Differentially private tests for Cox coefficients and cumulative hazards achieve finite-sample guarantees in survival analysis.

A machine-rendered reading of the paper's core claim, the machinery that carries it, and where it could break.

The paper establishes the first finite-sample theory for adding differential privacy to hypothesis testing on right-censored survival data. It constructs private versions of the partial-likelihood-ratio and score tests for Cox regression coefficients, together with a calibration step that sets the rejection threshold while keeping the privacy guarantee. It also supplies a private distributed two-sample test for comparing cumulative hazard functions. The constructions come with proofs of privacy, valid type-I error control at finite samples, and matching minimax lower bounds that show when privacy is essentially free and when it becomes the dominant cost. Readers care because survival data often records sensitive medical or lifetime events, so these results indicate precisely where privacy protections can be added without destroying the ability to detect effects.

Core claim

We initiate a finite-sample theory of private hypothesis testing in survival analysis applications. For Cox regression coefficients, we develop private partial-likelihood-ratio and score-type tests, including a private calibration procedure for the rejection threshold. For cumulative hazard functions, we propose a private distributed two-sample test.
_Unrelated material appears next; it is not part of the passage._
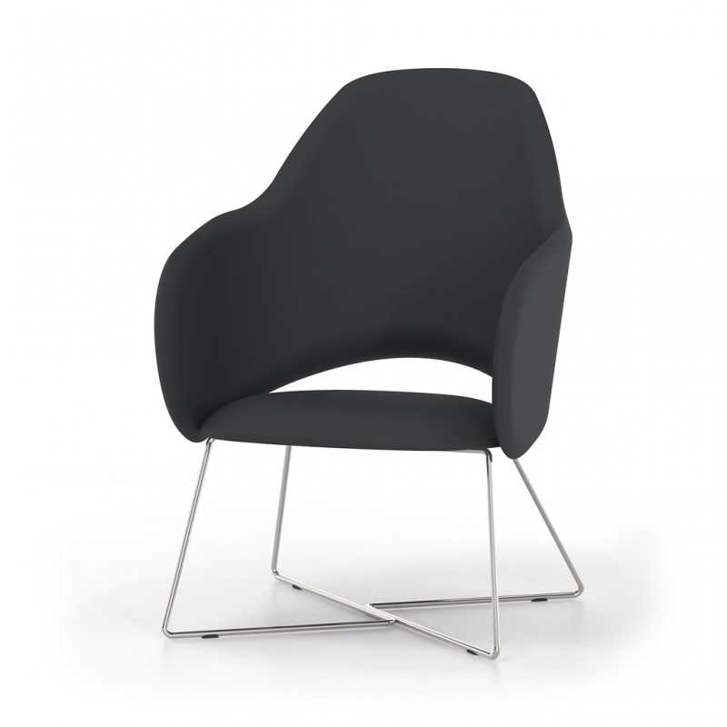 Its geometric metal base, available in a variety of finishes, provides both stability and subtle elegance, while the wide selection of fabrics and colors ensures full adaptability to any architectural or interior design concept. From corporate lobbies and waiting areas to hotels, multi-purpose spaces, and stylish residential interiors, FORMA PLUS adds character to any setting.

Across these problems, we prove differential privacy and finite-sample testing guarantees, as well as minimax lower bounds.

What carries the argument

Private partial-likelihood-ratio and score-type tests equipped with a private calibration procedure for rejection thresholds, together with a private distributed two-sample test for cumulative hazard functions.

If this is right

  • Privacy is statistically negligible once the privacy budget exceeds a threshold that scales with sample size and censoring rate.
  • In high-privacy regimes the testing rate is governed by the privacy noise rather than the usual statistical fluctuation.
  • Minimax lower bounds identify the precise regimes where further improvement is impossible.
  • Optimal private rates for some semiparametric survival models remain open.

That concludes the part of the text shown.